LISTED ENTRIES =>
- - - - -
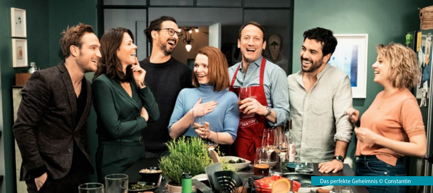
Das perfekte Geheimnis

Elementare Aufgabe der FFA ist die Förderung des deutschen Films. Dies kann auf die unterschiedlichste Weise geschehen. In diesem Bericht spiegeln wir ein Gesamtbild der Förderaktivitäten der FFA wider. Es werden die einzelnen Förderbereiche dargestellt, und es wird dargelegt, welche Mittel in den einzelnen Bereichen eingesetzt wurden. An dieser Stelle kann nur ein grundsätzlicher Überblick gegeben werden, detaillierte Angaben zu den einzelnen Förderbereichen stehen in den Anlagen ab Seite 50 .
- - - - -
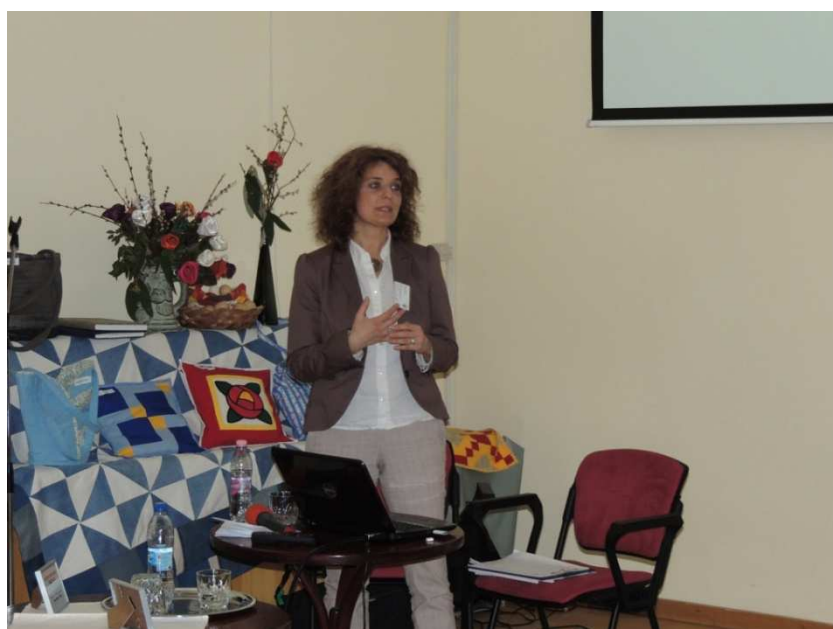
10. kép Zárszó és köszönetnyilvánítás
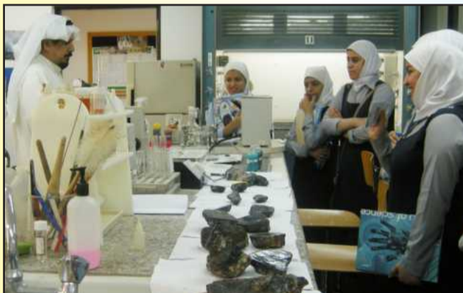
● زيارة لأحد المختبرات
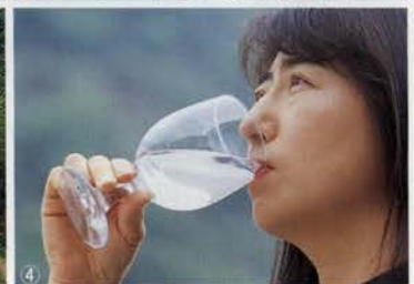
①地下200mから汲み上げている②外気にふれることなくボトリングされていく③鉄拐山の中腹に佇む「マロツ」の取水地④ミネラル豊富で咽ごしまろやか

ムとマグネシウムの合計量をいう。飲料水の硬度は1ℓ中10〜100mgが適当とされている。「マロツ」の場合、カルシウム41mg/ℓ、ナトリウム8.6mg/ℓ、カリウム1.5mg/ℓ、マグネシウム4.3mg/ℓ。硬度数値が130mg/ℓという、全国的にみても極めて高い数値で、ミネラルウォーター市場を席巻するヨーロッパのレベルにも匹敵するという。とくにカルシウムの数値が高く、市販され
- - - - -
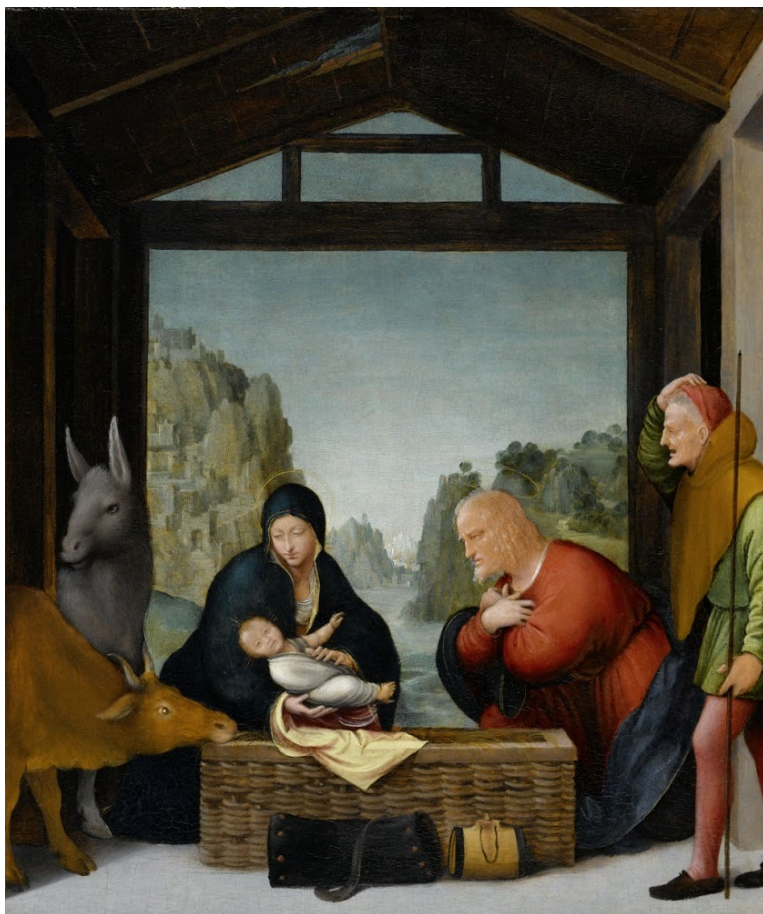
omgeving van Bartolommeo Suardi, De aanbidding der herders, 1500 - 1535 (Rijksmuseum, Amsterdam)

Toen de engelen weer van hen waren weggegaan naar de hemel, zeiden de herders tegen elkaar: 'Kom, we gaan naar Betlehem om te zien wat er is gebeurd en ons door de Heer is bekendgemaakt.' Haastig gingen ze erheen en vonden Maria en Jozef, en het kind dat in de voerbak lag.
- - - - -
PROBLEM DETAILS =>
Look through the material above and pick out each line holding the word "herders".

ANSWER SECTION =>
omgeving van Bartolommeo Suardi, De aanbidding der herders, 1500 - 1535 (Rijksmuseum, Amsterdam)
Toen de engelen weer van hen waren weggegaan naar de hemel, zeiden de herders tegen elkaar: 'Kom, we gaan naar Betlehem om te zien wat er is gebeurd en ons door de Heer is bekendgemaakt.' Haastig gingen ze erheen en vonden Maria en Jozef, en het kind dat in de voerbak lag.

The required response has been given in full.